Idea
Multilingual translation models delivering faster, smaller, and more accurate real-world language solutions across 33 languages.
Research Paper
Core Innovation
This paper introduces Hy-MT2, a family of multilingual translation models optimized for speed, efficiency, and instruction-following across 33 languages. It advances prior work by combining model scaling with extreme quantization for on-device deployment and demonstrating superior performance over leading open-source and commercial models in diverse real-world scenarios.
Why It Matters
Global businesses and developers require fast, accurate, and scalable multilingual translation to operate efficiently across diverse markets. Hy-MT2 reduces storage and latency for on-device use while outperforming existing open-source and commercial APIs, enabling broader adoption in real-world and domain-specific applications. This scalability and efficiency transform workflows by making high-quality translation accessible on edge devices and cloud platforms.
Market Size (TAM)
$10–20B TAM for multilingual translation platforms; $2–5B SAM from global enterprises and mobile developers. Driven by globalization and mobile edge computing adoption.

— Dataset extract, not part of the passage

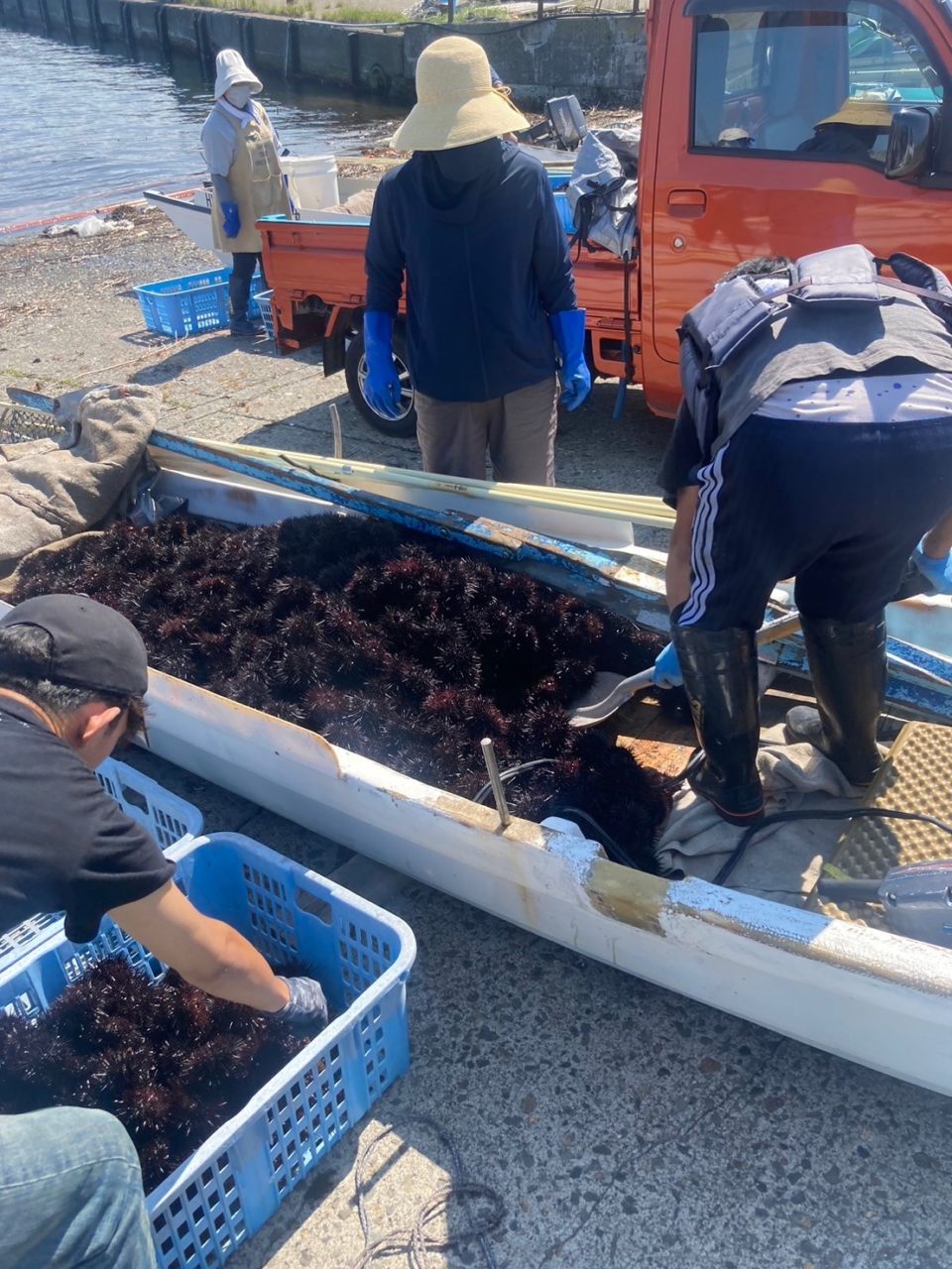 4時間後、ウニ漁師さんが海から帰ってきました。船にはたくさんのキタムラサキウニで埋まっていました。

Potential Customers & Pain Points
- Global enterprises – Need scalable accurate multilingual translation
- Mobile app developers – Require lightweight fast on-device models
- Localization services – Demand domain-specific and instruction-following translation
- Cloud providers – Seek cost-effective high-performance translation APIs
Business Model
Subscription-based API access for cloud and enterprise customers; licensing for on-device deployment; custom domain adaptation services.
Competitive Landscape
- DeepSeek-V4-Pro
- Kimi K2.6
- Microsoft Translator
- Google Translate API
- Amazon Translate
Implementation Challenges
- Integration complexity with existing localization pipelines
- Maintaining translation quality across diverse domains and languages
- Competition from established commercial APIs with large user bases
Validation Strategy
- Benchmark against leading open-source and commercial translation APIs in real-world business scenarios
- Pilot deployments with mobile app developers for on-device inference speed and storage benefits
- Customer feedback loops for domain-specific translation quality improvements
Research Paper Overview
Hy-MT2: A Family of Fast, Efficient and Powerful Multilingual Translation Models in the Wild
Summary
Hy-MT2 offers three scalable multilingual translation models (1.8B, 7B, 30B-A3B MoE) supporting 33 languages with strong instruction-following capabilities. The 1.8B model enables on-device deployment with extreme quantization, reducing storage to 440 MB and improving inference speed by 1.5x. Evaluations show superior performance over leading open-source and commercial translation solutions across diverse real-world and domain-specific tasks.